Developing effective methods for identifying biologically relevant genes is an active area of high-throughput omics. Weighted gene co-expression network analysis (WGCNA) is a prominent clustering-based method for transcriptome analysis (Langfelder and Horvath, 2008). However, this method fails to assign genes to multiple modules and potentially overlooks local co-expression patterns existing in a subset of samples. These limitations can be alleviated by decomposition counterparts, such as independent component analysis (ICA) (Hori et al., 2001) and singular value decomposition (Alter et al., 2000), which aim to extract latent components underlying biological processes. Based on the relative contribution of the genes to each component, genes belonging to the corresponding module were inferred. Nevertheless, most methods have been created for two-way datasets, with each data point indexed to one gene of one individual. In the big data era, studies have extended the third way by collecting data under different experimental conditions or from different types of tissues (Gibson, 2015; Liu et al., 2020, 2022; Teng et al., 2024). Several methods that enable the detection of latent structures have emerged to address data with three-way variations (Hore et al., 2016; Wang and Song, 2017; Wang et al., 2019). As a third-order tensor decomposition method utilizing a sparse prior, sparse decomposition of arrays (SDA) can recover gene loadings to a certain degree of sparsity and consequently allow for the clear inference of genes with shared expression patterns (Hore et al., 2016).

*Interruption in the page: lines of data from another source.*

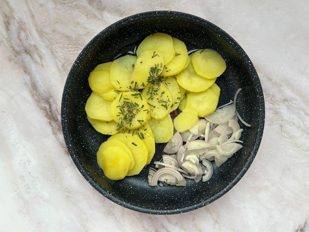 Сковороду среднего размера поставьте на средний огонь, налейте в нее оливковое масло, хорошо его разогрейте. Выложите в разогретое масло нарезанный лук-шалот, нарубленную зелень и наполовину готовые кружочки картофеля. Перемешивайте и готовьте все вместе примерно 3-4 минуты, в процессе добавляя соль. За это время картофель должен прожариться до готовности, а лук-шалот стать прозрачным и немного золотистым. Время от времени помешивайте содержимое сковороды.
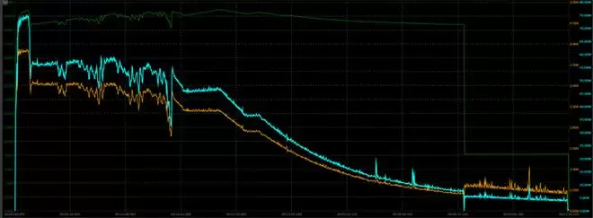 在17分钟降低到45W的水平,持续3分钟后开始降低到35W,简单维持了1分钟后就进行了持续性的降流,一直到45分钟,充电电压降低为5V,开始最后的涓流充电。
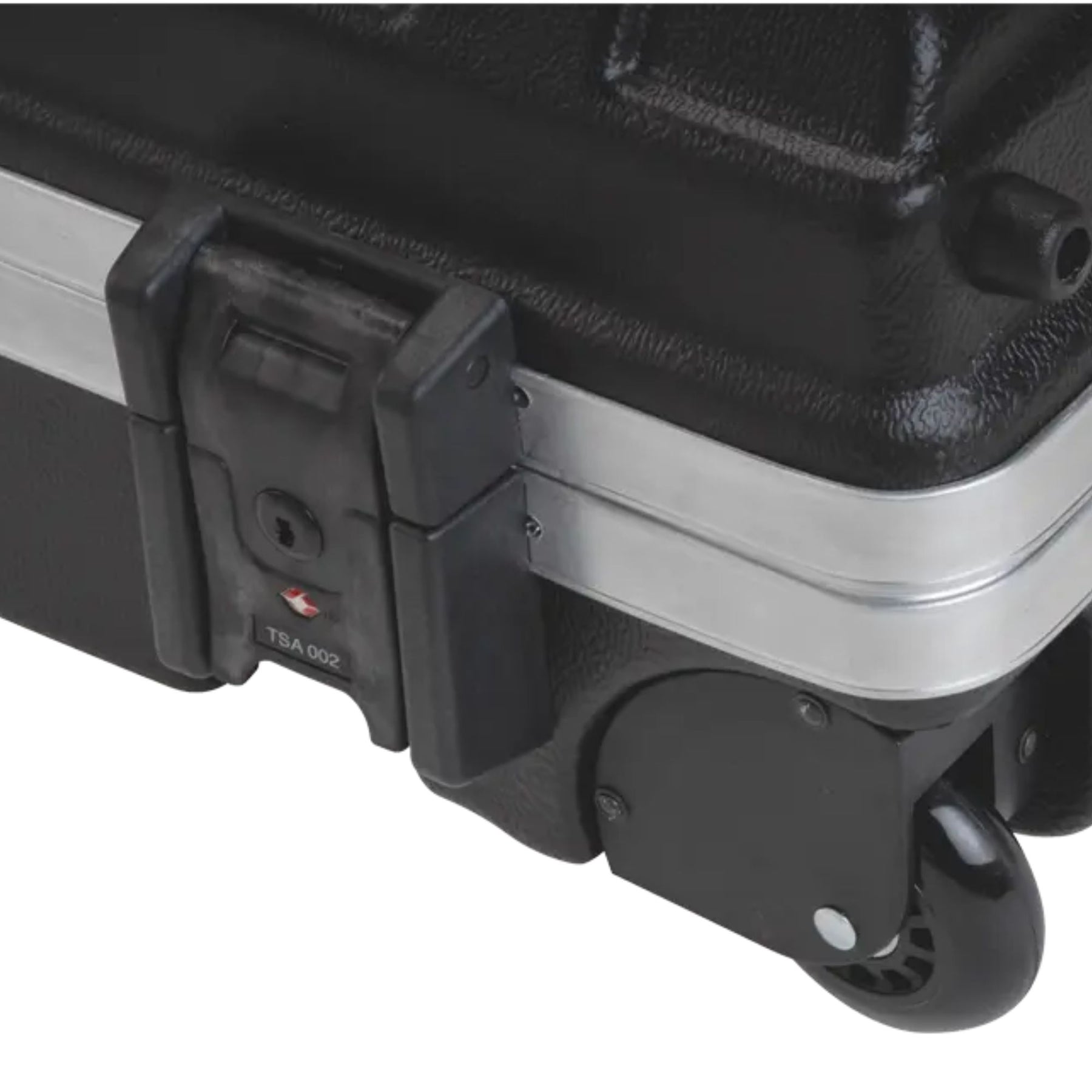 • Rugged wheeled hard case built for safely transporting mic stands, drum hardware, and hardware gear during travel

Regulatory variations in maize largely account for the causative variants (Chen et al., 2021), making it a useful system for investigating dynamic regulatory changes during drought responses. In this study, we applied SDA to published transcriptome datasets of maize leaves under three water regimes with three sources of variation: inbred lines, genes, and experimental conditions (Liu et al., 2020), and identified transcriptional modules consisting of genes with shared expression patterns. Gene modules and the corresponding trans-eQTLs associated with drought responses were identified. We also explored the population differentiation of trans-eQTLs during the maize domestication and improvement processes. Importantly, motif analyses, chromatin immunoprecipitation sequencing (ChIP-seq) data, and transient expression assays provided additional support for the regulatory relationships linked to trans-eQTLs underlying TFregulators.